What do all of these tables and columns mean?
Table Explanations
Let’s look at what the tables and columns mean.
country
This is a simple list of countries that were in the data set. I don’t think it’s a complete list of all countries, but it’s enough for this data set.
university
A list of universities that were ranked in this system. Each university is related to a country.
ranking_system
This contains the three different ranking systems used: Times Higher Education World University Ranking, Shanghai Ranking, and Center for World University Rankings.
ranking_criteria
This table contains the different criteria used in each ranking system, such as Citations and Quality of Education. It also contains criteria for Total Score for each system.
university_year
The university_year table contains values for measurements such as the number of students and the student to staff ratio for each university in several years.
university_ranking_year
This table contains the score for each year for each university and ranking criteria. It’s the largest table in the database.
Design Comments
There are a few things to consider when working with this data:
- Because the data is normalised, you may want to use a PIVOT or subqueries to get scores in a column format, if that’s what you prefer.
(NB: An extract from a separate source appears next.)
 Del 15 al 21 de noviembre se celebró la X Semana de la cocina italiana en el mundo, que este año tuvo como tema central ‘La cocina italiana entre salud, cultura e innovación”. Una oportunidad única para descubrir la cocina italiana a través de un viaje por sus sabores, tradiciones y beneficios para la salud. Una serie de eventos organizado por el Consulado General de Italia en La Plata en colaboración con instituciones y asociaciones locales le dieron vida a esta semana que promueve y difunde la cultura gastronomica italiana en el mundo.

- The measurements in the univeristy_year table could be moved to the ranking_criteria table, as it seems to be storing similar data. But it’s separated as it’s not really related to a ranking criteria.
Sample Data
I’ve prepared some sample data for this database. You can use this to create this database on your own computer, explore the tables, and write SQL on it.
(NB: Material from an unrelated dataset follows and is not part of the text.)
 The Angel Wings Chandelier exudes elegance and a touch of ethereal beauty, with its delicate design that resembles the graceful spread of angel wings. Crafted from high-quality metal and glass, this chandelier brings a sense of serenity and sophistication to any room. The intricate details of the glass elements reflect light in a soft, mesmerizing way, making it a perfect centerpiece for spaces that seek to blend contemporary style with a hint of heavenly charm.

The sample data is available for Oracle, SQL Server, MySQL, and Postgres, and is stored on my GitHub repository. Find out how to access it and load the data here: Sample Data for SQL Databases
Sample Query
With the sample data in the database, let’s take a look at a sample query. This query shows all of the universities and their total scores from 2015
SELECT
u.university_name,
c.country_name,
rc.criteria_name,
ry.year,
ry.score
FROM university u
INNER JOIN country c ON u.country_id = c.id
INNER JOIN university_ranking_year ry ON ry.university_id = u.id
INNER JOIN ranking_criteria rc ON ry.ranking_criteria_id = rc.id
WHERE rc.criteria_name IN (
'Total Times',
'Total Shanghai',
'Total CWUR'
)
AND ry.year = 2015
ORDER BY ry.score DESC;
Results (top 20):
# university_name | country_name | criteria_name | year | score |
Harvard University | United States of America | Total Shanghai | 2015 | 100 |
Harvard University | United States of America | Total CWUR | 2015 | 100 |
Stanford University | United States of America | Total CWUR | 2015 | 99 |
Massachusetts Institute of Technology | United States of America | Total CWUR | 2015 | 98 |
University of Cambridge | United Kingdom | Total CWUR | 2015 | 97 |
Columbia University | United States of America | Total CWUR | 2015 | 96 |
University of Oxford | United Kingdom | Total CWUR | 2015 | 96 |
California Institute of Technology | United States of America | Total Times | 2015 | 94 |
University of Oxford | United Kingdom | Total Times | 2015 | 93 |
Harvard University | United States of America | Total Times | 2015 | 93 |
Stanford University | United States of America | Total Times | 2015 | 93 |
University of California, Berkeley | United States of America | Total CWUR | 2015 | 92 |
Massachusetts Institute of Technology | United States of America | Total Times | 2015 | 92 |
University of Cambridge | United Kingdom | Total Times | 2015 | 92 |
University of Chicago | United States of America | Total CWUR | 2015 | 91 |
Princeton University | United States of America | Total Times | 2015 | 91 |
University of California, Berkeley | United States of America | Total Times | 2015 | 90 |
Princeton University | United States of America | Total CWUR | 2015 | 89 |
Yale University | United States of America | Total Times | 2015 | 88 |
Imperial College London | United Kingdom | Total Times | 2015 | 88 |
There are all kinds of other queries you can write on this data.
Conclusion
So that’s the sample database for university rankings. There’s an ERD you can use to help you understand it or to design your own. You can also download the sample database tables and data to run your own queries on it.